Карлица смешалась. Схватила большую плетёную корзину с ворохом бутафорского тряпья и поковыляла к уже стоявшей ширме.
Смышлёная девчонка, но уж, больно своевольна, глаз да глаз за ней нужен, остальные, что телята без неё, — проворчал Савье, оборачиваясь к Мамлюку.
Гость сидел, сгорбившись, на маленькой скамеечке, которая ему была не по росту. Скрестив ноги кое-как под лавкой, он мрачно взглянул на Савье:
Товар есть.
Я пока не при деньгах, — покачал головой Савье.
Карлица, толста, как бочка, могла бы пригодиться тебе.

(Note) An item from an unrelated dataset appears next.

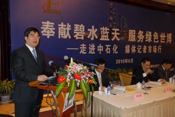 在上海舉辦的“走進(jìn)中石化媒體記者市場行”活動中,中國石化集團(tuán)公司新聞發(fā)言人、股份公司董秘局辦公室主任黃文生表示:“‘奉獻(xiàn)碧水藍(lán)天,服務(wù)綠色世博’,這是中國石化對上海世博會作出的承諾!崩钚旅

Неет, говорю же, на мели я, попробуй при дворе герцога поспрашивать, слышал я, шутиха у них померла недавно.
Жаль, — лицо Мамлюка оставалось непроницаемым.
Он был разочарован отказом, но не уходил. Устало прикрыв глаза, он будто дремал. Вяло думал о том, что зря надел такой тёплый плащ. День выдался жаркий для поздней осени, сейчас самое время распутицы и холодного ветра с океана.
Хотел спросить тебя, Мамлюк, — сказал, оглянувшись на прореху в дерюге, Савье, — вот, говорят, чтобы таких… вырастить… много времени надо…
Ну, — Мамлюк сонно прищурился.
Ну и, когда растут дети, они ведь ни секунды не посидят… — Савье неуверенно хохотнул.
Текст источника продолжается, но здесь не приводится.